Kementrian Keuangan pada 16 Agustus 2017 merilis Rancangan APBN 2018. Dalam rilis tersebut disebutkan anggaran penerimaan negara Rp.1878,4 triliun yang didapat dari pajak Rp.1.609,4 triliun (86%); sumber daya alam (SDA) migas Rp 77,2 triliun (4 %) dan SDA non Migas Rp 22,1 triliun (1%). Sedangkan anggaran belanjanya, cicilan pokok utang dan bunga Rp 629,2 triliun; bunga Rp 247,6 triliun dan defisit (minus) anggaran Rp 326 triliun
Kebijakan defisit APBN makin melanggengkan utang Indonesia yang terus membengkak tak terkendali. Utang berbasis riba, produk kapitalisme, bukan untuk kemajuan tapi menghasilkan kehancuran suatu bangsa.. Betapa kita saksikan hari ini, Indonesia yang kaya sumber daya alamnya harus rela dijarah penjajah sebagai konsekuensi bangsa ini berutang kepada mereka. Walhasil, rakyat selalu menjadi pihak yang dikorbankan. Sungguh ironi, Indonesia yang kaya akan SDA hanya menikmati hasil 5 % saja, dan terpaksa bertahan hidup dari pajak dan utang.
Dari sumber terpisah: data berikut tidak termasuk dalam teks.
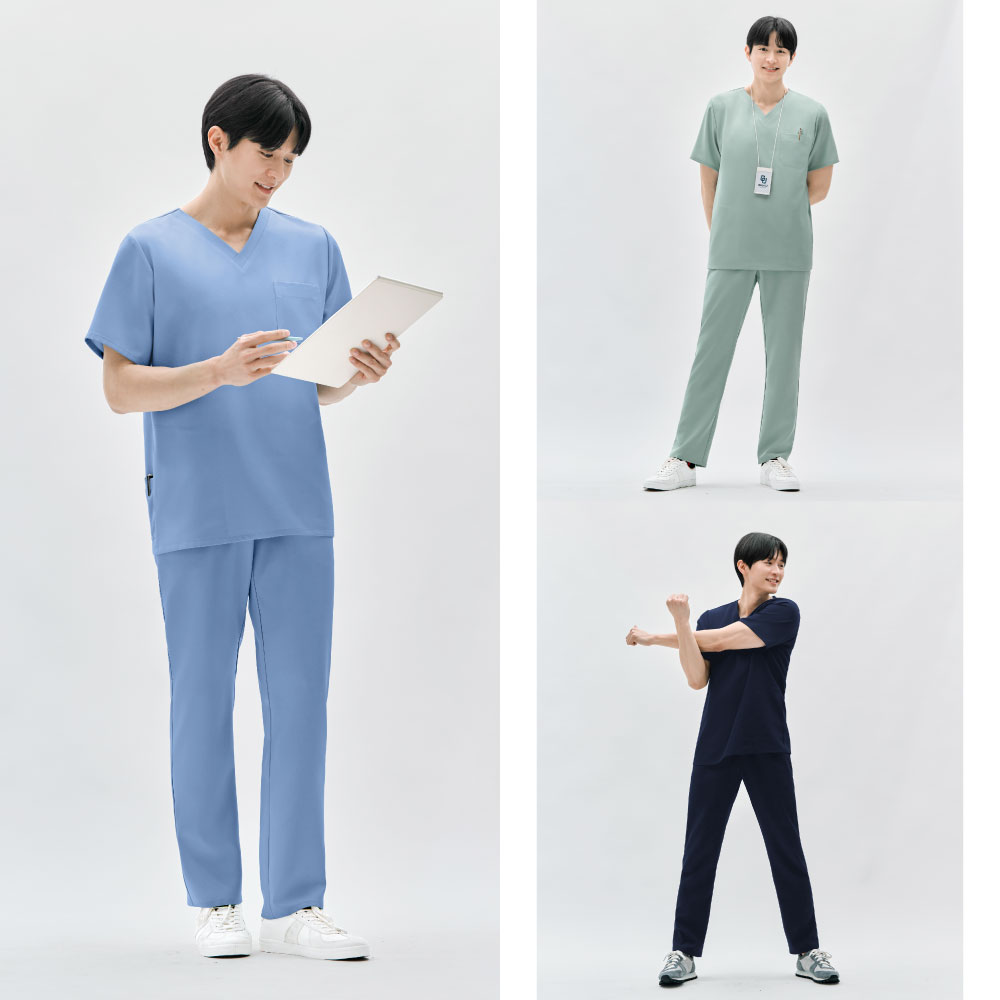 韓国のGoodU社のメディカルユニフォームです。シンプルなメンズパンツです。摩擦に強く、しわになりにくい生地を使用しています。【素材】ポリエステル100%。◇両脇ポケット/ウエスト総ゴム/ウエストひも付。
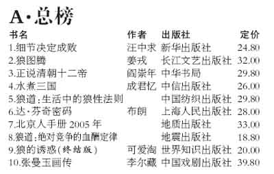 看看本周的榜單,帶給讀者的再次是了無新意的失望。我們惟一可以安慰的,是兩本同時(shí)上榜的《狼道》,既不是來自以《狼圖騰》占領(lǐng)傳統(tǒng)市場的長江文藝出版社,也不是以《狼的誘惑》吸引年輕讀者的世界知識出版社。對2004年來說,“狼”或許真的已經(jīng)成了圖騰,但是負(fù)責(zé)任的出版人不會永遠(yuǎn)跟著圖騰走?梢钥隙ǖ氖牵瑘D騰不可能永遠(yuǎn)有效。
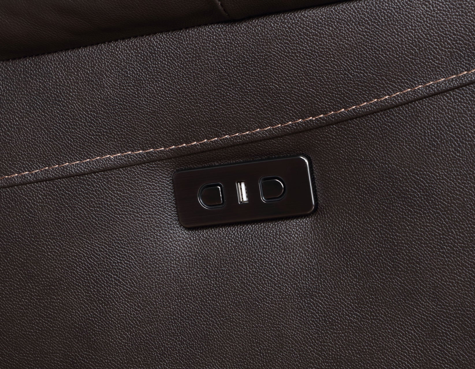 - Crafted from Chocolate colored top-grain leather with matching faux-leather backs and sides

Oleh karena itu, wajar jika dikatakan berharap Indonesia bebas dari utang bagai mimpi yang tak akan terwujud, selama sistem ekonomi Indonesia masih berbasis ekonomi kapitalisme. Alternatif satu-satunya, sesungguhnya Indonesia masih bisa diselamatkan dengan sistem ekonomi islam yang telah terbukti dalam sejarah penerapannya, membawa negara khilafah saat itu berada di masa keemasannya dan mensejahterakan rakyatnya. Masalahnya tinggal mau atau tidak mengambil islam sebagai solusi, disaat pemerintah saat ini justru sedang mengidap alergi pada kata'khilafah'.
.
[1] Perkins, J. (2016). The New Confessions of an Economic Hit Man. Berrett-Koehler Publishers.